Friday, May 25, 2012

Pregnancy among women surgical residents

A paper reporting the results of a survey of women surgeons on the topic of pregnancy appears in Archives of Surgery online ahead of print.

Responses were received from 1937 female surgeons, which was 49.6% of those who were sent surveys. Not surprisingly, the findings were that women surgeons feel stigmatized about pregnancy during surgical residency training.

Things are improving, but slowly.
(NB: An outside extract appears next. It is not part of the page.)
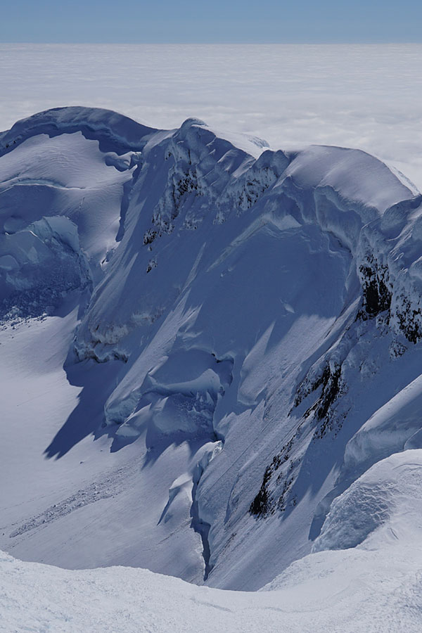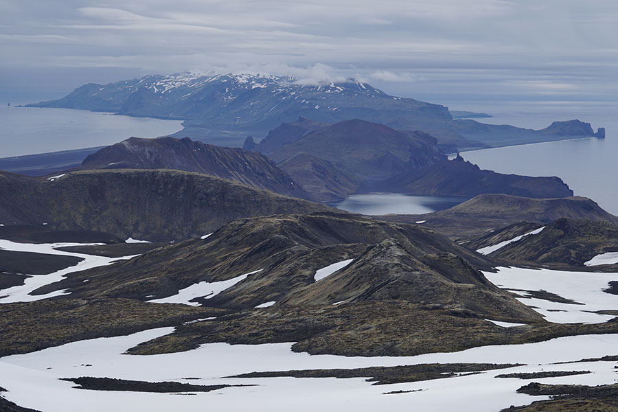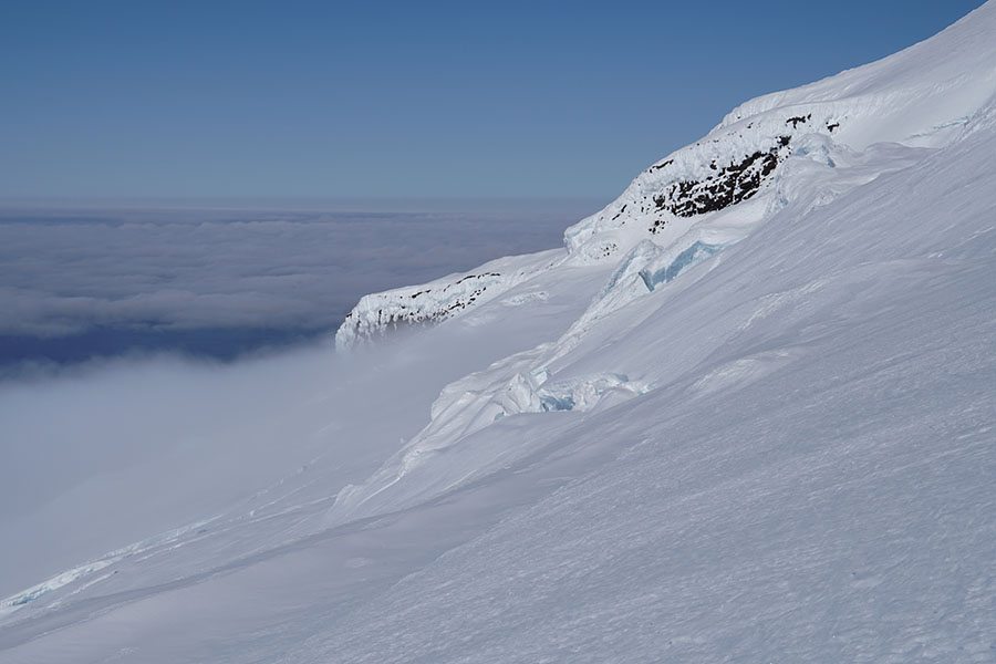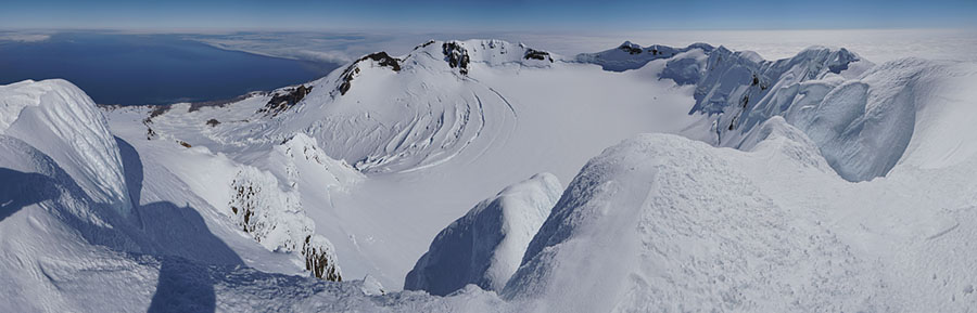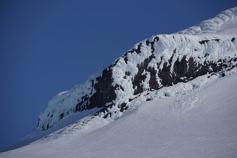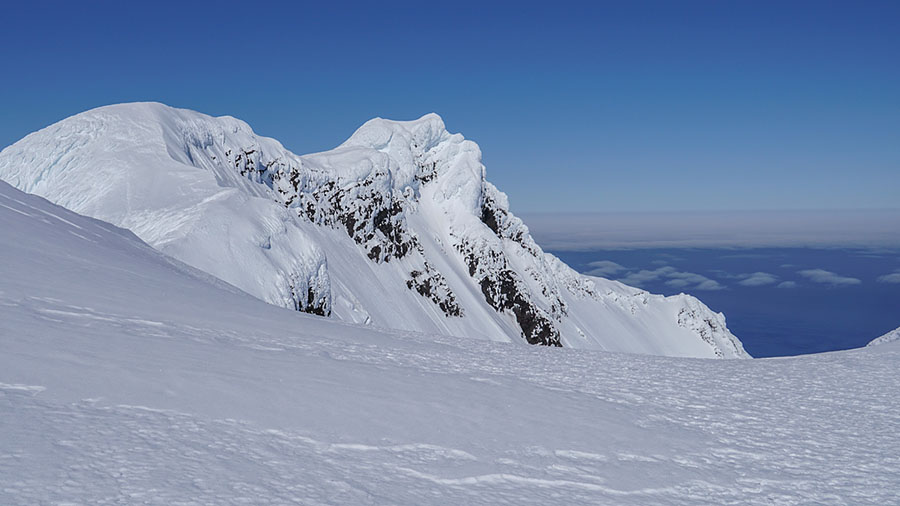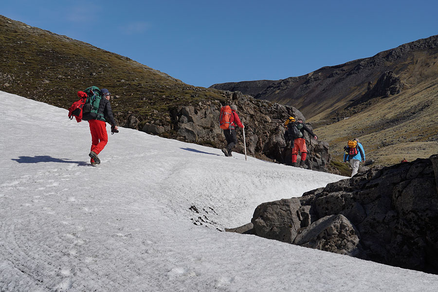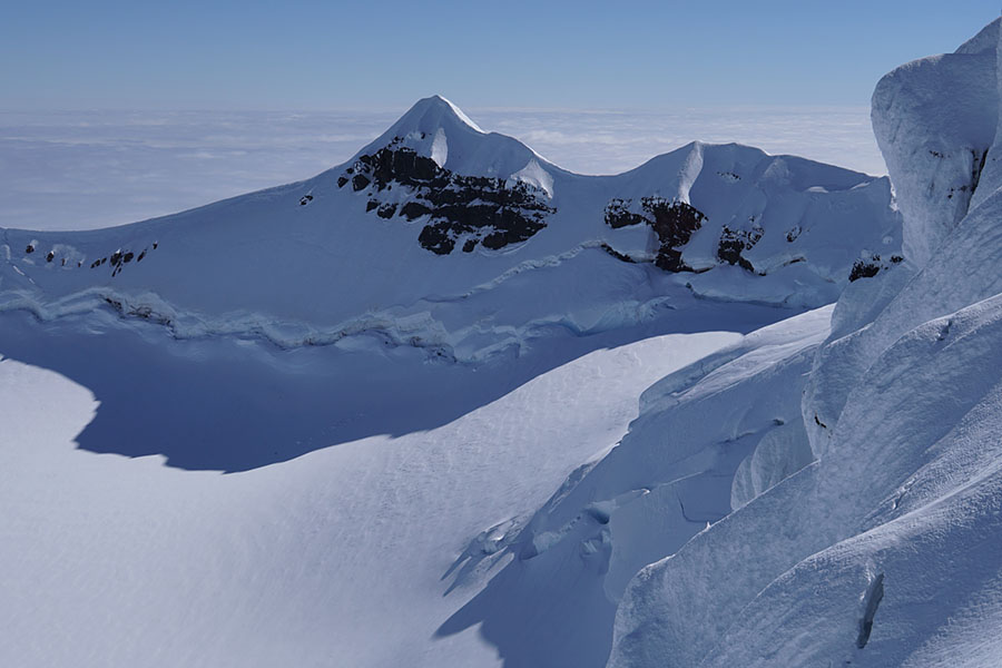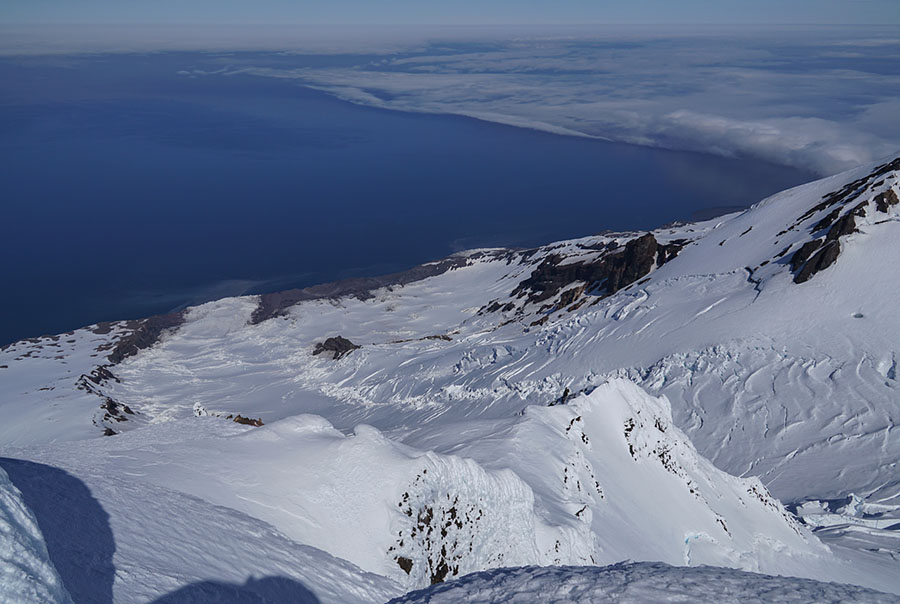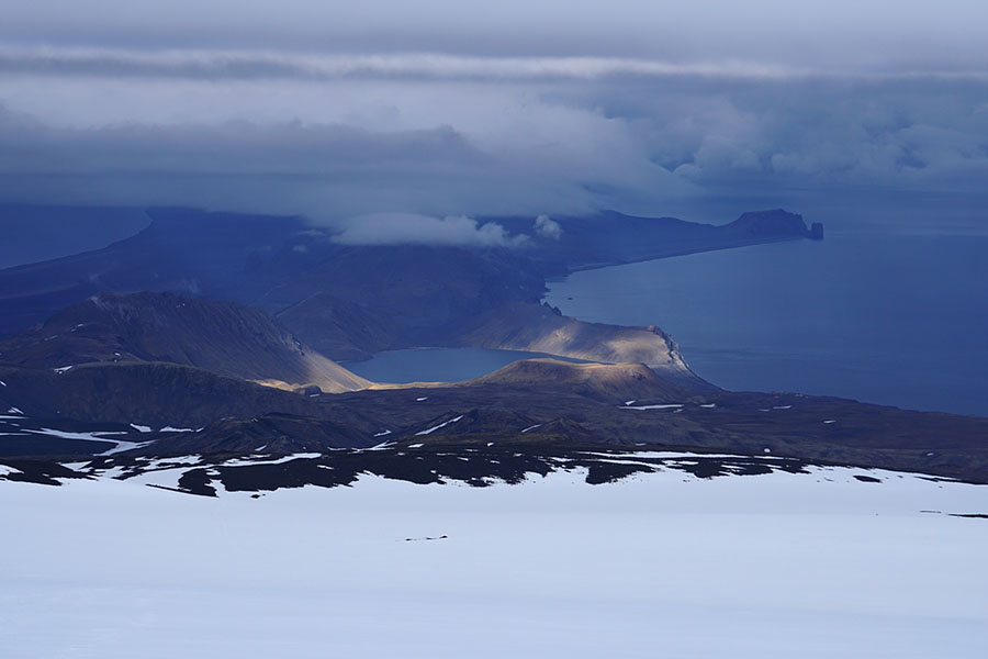 leaving Bergdalen behind our group alongside Sorlaguna heading for Beerenberg bypassing Soyla with our goal behind bypassing Nordlaguna view back to Nordlaguna climbing Beerenbergs S-flank climbing Beerenbergs S-flank Beerenberg still in far distance searching for a bivouac site near the snowline view back to the starting point this morning behind Kvalrossen (far to the right) fresh water is needed preparing bivouac for a few hours resting view down to Jan Mayen the next morning, inmidst of the seemingly endless Kronprins Olavs Breen glacier heading for the summit, now above cloudlevel Haakon VII (main summit in the background) above us  only 3 of us on the way to the summit crevassed terrain above cloud level finding our way through heavily crevassed terrain rime and icicle laden cliffs above the clouds crevassed S flank climbing steeper terrain crater ridge above us first view into summit crater summit crater panorama first view to main summit me on the very summit of Beerenberg, the highest point of the N atlantic view from Haakon VII (main summit) down to the Weyprechtbreen and W coast view back to the recently climbed crater ridge full crater panorama, Weyprechtbreen to the left upper part of Weyprechtbreen crater rim W part of crater W part of crater looking down the Weyprechtbreen climbing down the same way view back Haakon VII (main summit) behind crevasse slalom on the way back crevasse slalom on the way back diving into cloud level again seemingly endless glacier crossing in weak midday snow further down into the clouds bypassing Pukkelryggen on the way back, arriving at campsite  around 11pm after approx. 20h of nearly nonstop walking

The percentage of women reporting that pregnancy during training is stigmatized fell from 76% for women who graduated more than 30 years ago, all the way down to 67% for women who graduated less than 10 years ago. The difference was statistically significant [p = 0.001] but hardly significant in the real world. At this rate, pregnancy among female surgical residents should be no longer stigmatized by about the year 2127.

According to Table 3 of the paper, the cumulative rate of pregnancy of female surgery residents who graduated fewer than 30 years ago is 32.2%. To put it another way, 1/3 of all female surgery residents became pregnant at least once during their five years of training.

The most interesting finding was that even women faculty and women residents were perceived as having a negative influence on women surgeons contemplating childbearing and this negativity has not abated over the years. Meanwhile, the percentage of both residents who are women and those who become pregnant is increasing.

Male residents can get sick or be injured and miss time. Should there be any reason to deal with pregnancy differently?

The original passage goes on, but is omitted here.